For stakeholders and suppliers, the tender result provides a glimpse into India’s shifting procurement rationale, where cost-effectiveness, delivery certainty, and geopolitical impartiality increasingly drive decision-making. While global energy markets remain uncertain, Indian refiners will be bound to continue using nimble sourcing strategies to enhance national energy security and economic stability.

FAQs

1. Why did Indian Oil Corporation avoid U.S. crude in its recent tender?

IOC is said to have avoided buying U.S. West Texas Intermediate (WTI) crude because of higher landed cost and recent tariff hikes. Even though there was a conducive Brent-WTI price spread, overall economics, considering freight, insurance, and geopolitical risk, preferred West African and Middle Eastern grades.

2. Which grades did IOC buy instead?

Indian Oil Corporation (IOC) has reportedly purchased four million barrels of crude in its latest tender. This includes two million barrels from West Africa, one million barrels of Nigerian grades Agbami and Usan from TotalEnergies on a free-on-board basis, and one million barrels of Abu Dhabi’s Das crude from Shell on a delivered basis. All cargoes are expected to arrive at Indian ports between late October and early November.

3. What do “FOB” and “delivered basis” mean in this context?

FOB (Free-on-Board): IOC takes responsibility for shipping the crude from the supplier’s port.

Delivered basis: The transporter (e.g., Shell) undertakes shipping and delivery to the IOC’s specified port in India. This difference impacts freight charges, insurance, and logistics management.

4. How does this change affect India’s trade with the U.S.?

India had raised U.S. crude imports in recent months to assist in mitigating its trade surplus with the U.S. Yet, Washington’s move to double tariffs on Indian imports, on account of ongoing Russian oil purchases, has made the trade balance more complicated. IOC’s smaller U.S. sourcing could further increase the surplus, unless counterbalanced by other trade actions.

5. Is this change part of a larger trend among Indian refiners?

Yes. Some Indian refiners have been increasing the diversity of their crude sources to deal with cost volatility as well as geopolitical risk. West African and Middle Eastern grades are relatively priced competitively as well as less diplomatically complicated, particularly in the context of ongoing Russian oil import scrutiny.

6. What are the economic benefits of West African and Middle Eastern grades?

West African and Middle Eastern crude grades are often preferred by Indian refiners due to their lower freight costs, given geographical proximity, and more flexible delivery arrangements. Compared to U.S. and Russian grades, they tend to offer more competitive pricing and carry fewer risks related to international sanctions or trade tariffs. These factors make them attractive options for refiners seeking economical and politically neutral sources of oil.

7. What impact does this have on domestic fuel prices in India?

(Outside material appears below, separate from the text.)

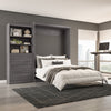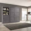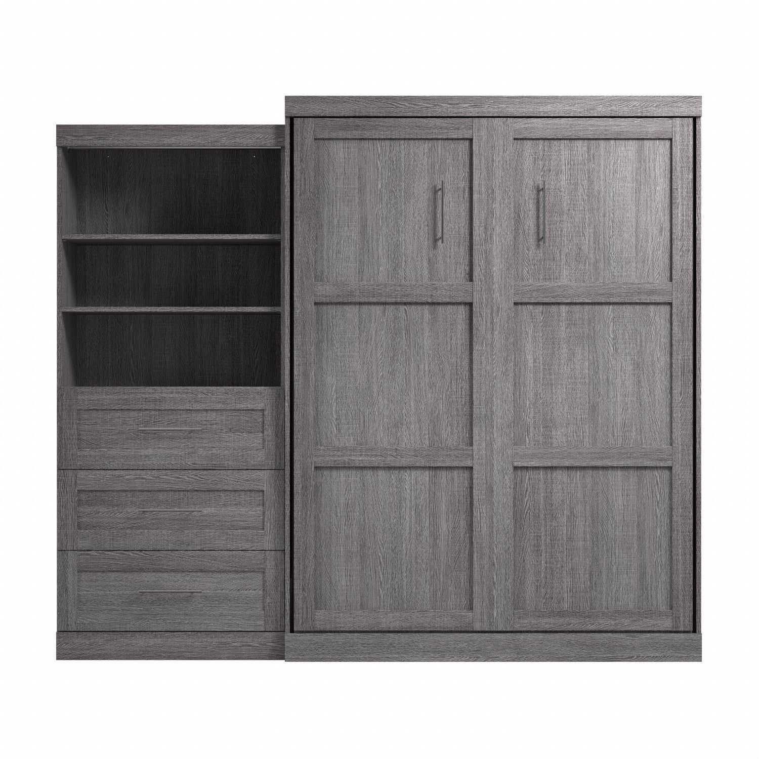 The Bestar Pur Queen Murphy Bed and Shelving Unit with Drawers (101W) is the ideal space saver. The mattress support uses flexible slats that follow the curves of the body and absorb pressure for maximum comfort. The Queen Murphy bed can be used every night for a good night’s sleep. It folds up and down smoothly thanks to the dual piston system. The bed accommodates most standard Queen mattresses (8-12 inches thick, 60-90 lb, 60 x 80 inches) and supports up to 1000 lb. The open bed extends 92 inches from the wall. The cabinet must be anchored to a wall with a minimum ceiling height of 91. 1 inches. Allow a clearance of 30-36 inches around the open bed. The shelving unit comes with 2 fixed and 3 adjustable shelves, 2 closet rods, and 3 drawers for your belongings. The dual-mount wall bed mechanism attaches to the floor and wall for ease of assembly and maximum stability and durability. To avoid risk of injury, the Murphy bed must be installed to wall and floor structure by a professional or qualified person. Two people are required for assembly. Installation requires attachment to wood studs or masonry, removal of the baseboard, and drilling into the floor (if disassembly is required, holes may be covered with baseboards 0. 5 inches or thicker). Necessary hardware is included. Do not use this product for children or pets under 50 pounds (22. 7 kg). The set is backed by the Bestar 10 Year Manufacturer’s Warranty. North American made with globally sourced materials.

Although crude procurement choices don’t directly determine retail fuel prices, reduced landed prices can enable refiners to keep margins steady. This consequently helps the government to ensure that fuel prices remain affordable to consumers amid volatility in the global oil market.

8. Will the IOC keep on importing Russian oil?

IOC and other Indian refiners have kept importing Russian crude, mostly at reduced prices. These purchases are under international observation and could affect trade ties with Western allies. The tender issued now indicates a guarded diversification policy rather than an exit from Russian grades.

9. How do suppliers engage in IOC’s crude tenders?

The eligible suppliers will have to:

Register on the IOC’s eProcurement portal

Comply with technical and regulatory requirements

Provide bids with transparent pricing, terms of delivery, and documentation. Tenders are normally published through the IOC’s official media and trade newsletters.

10. What are the wider implications for India’s energy security?

The procurement strategy of IOC is a manifestation of India’s energy diversification and resilience efforts. By procuring from various regions, India avoids over-reliance on a single supplier and enhances its capacity to absorb global disruptions, sanctions, or price shocks.